Jennifer’s Body is the kind of film that I could split up into three categories. I predicted some level of twist and my mind began racing through all of the possible avenues that the film could have gone with. As a result, I thought to make this ‘If I Was Writing It’ article a little different, I would split it into three sections. ‘What Actually Happened’, ‘What I Thought Was Going to Happen’ and ‘What Would Happen If I Was Writing It’. Jennifer’s Body wasn’t the greatest of movies out there and despite a script that was impressive, it didn’t win over many critics (including myself). However, this made me even more determined to save it, so let me know how you think my version of the story would have gone.

WHAT ACTUALLY HAPPENED

There wasn’t so much of a twist. Near the end, it began heavily hinting towards the ending predicted in the next paragraph, but to my surprise, and dismay, it never really went there. It decided to go for the more traditional ending. The main problem with these satirical teen horrors is that a lot of the time, they end up doing nothing new with the genre, so they accidentally slip into your bog-standard teen horror nonetheless. However, I must admit I did enjoy how Amanda Seyfried’s character, Needy, ended up looking like she had butchered Jennifer, therefore making her out to be the assumed killer. That was a nice touch and despite, there being a few better directions available, I liked that they tried something moderately different.

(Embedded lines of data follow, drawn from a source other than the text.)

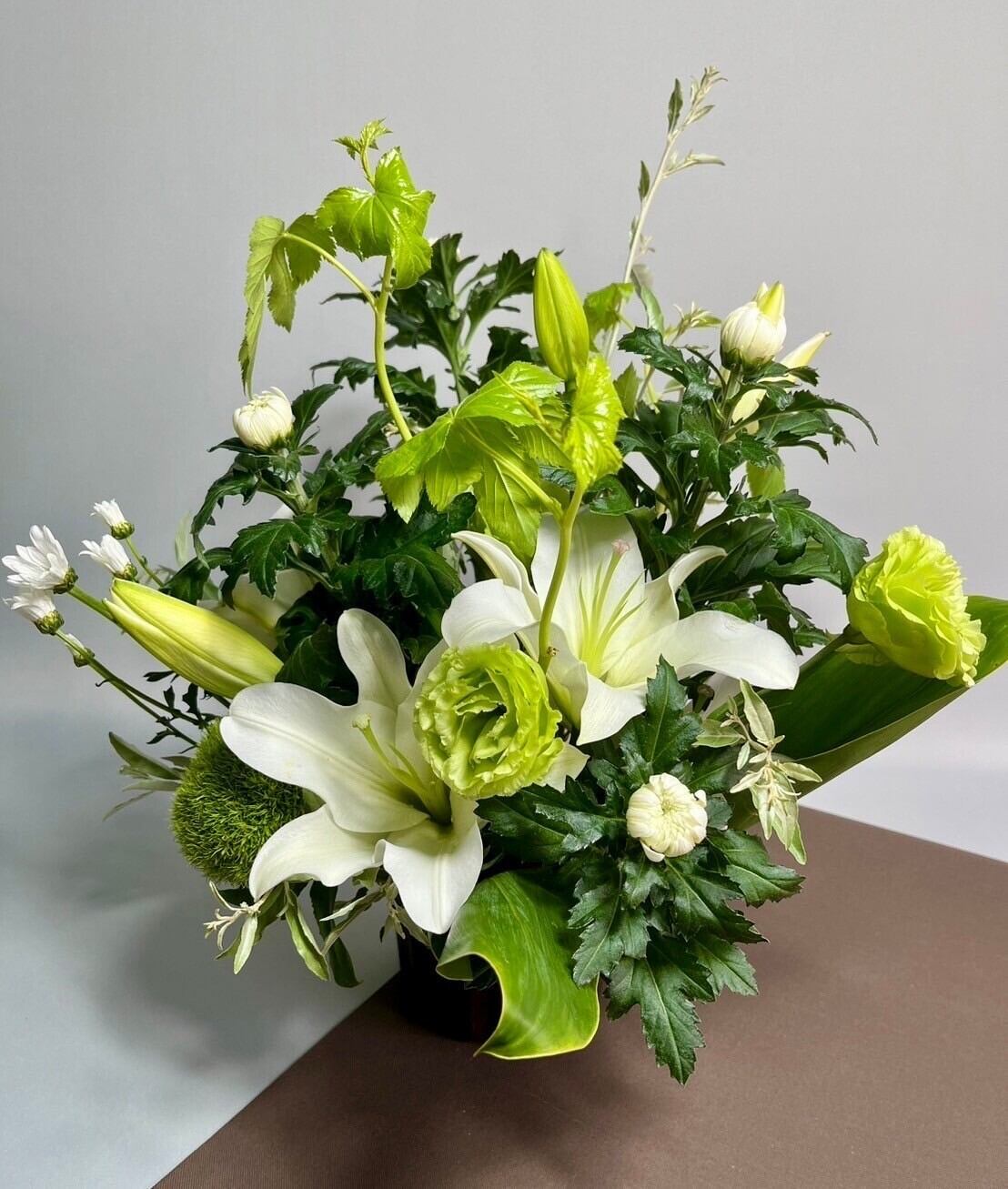 白いお花をメインに哀悼の意を込め、優しい気持ちで想いを伝えます。
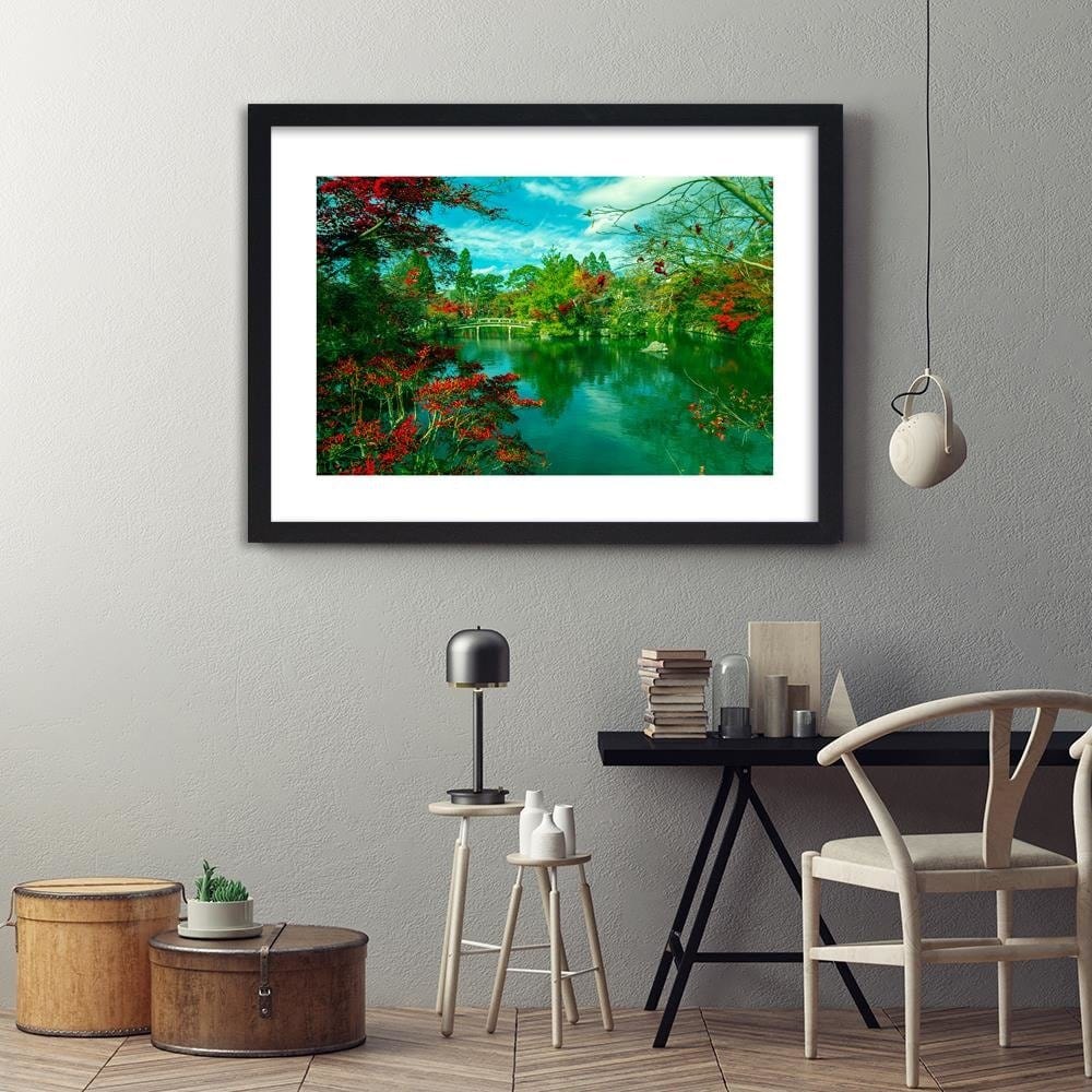 Glezna melnā rāmī - The Bridge Over The River In The Park 4
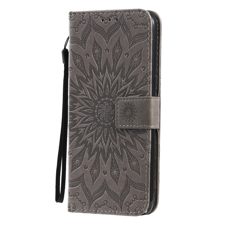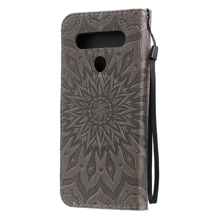 Funda de Cuero PU para LG K61 con Patrón de Girasol, Tapa Horizontal, Soporte, Ranuras para Tarjetas y Billetera (Gris)
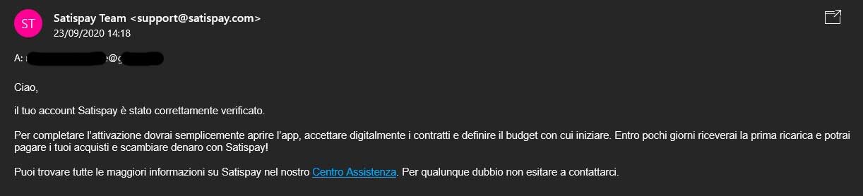 ATTENZIONE: anche una volta ricevuta la email seguente, relativa all’accettazione della tua utenza da parte di Satispay, come indicato nella stessa, è necessario “aprire l’app, accettare digitalmente i contratti e definire il budget con cui iniziare“.

WHAT I THOUGHT WAS GOING TO HAPPEN

I thought that Jennifer’s Body was going to go down the ‘It’s All In Needy’s Head’ route. Admittedly, this plot device has come up far too much recently and I am beginning to get sick of it, but I thought Jennifer’s Body had a chance of doing it right. Why? Well, all of the foreshadowing was there. Personally, I would have probably criticised this reveal, as the movie opened with Needy stalking Jennifer and then showing Needy in an asylum. When I began thinking that Needy was imagining Jennifer, then I remembered those first two scenes and thought that it had shown its hand far too early. In fact, looking back, some of the clues I thought were being dropped seem totally pointless in hindsight. I thought they were clever references to the supposed twist coming up, but in truth, they weren’t even important to the story.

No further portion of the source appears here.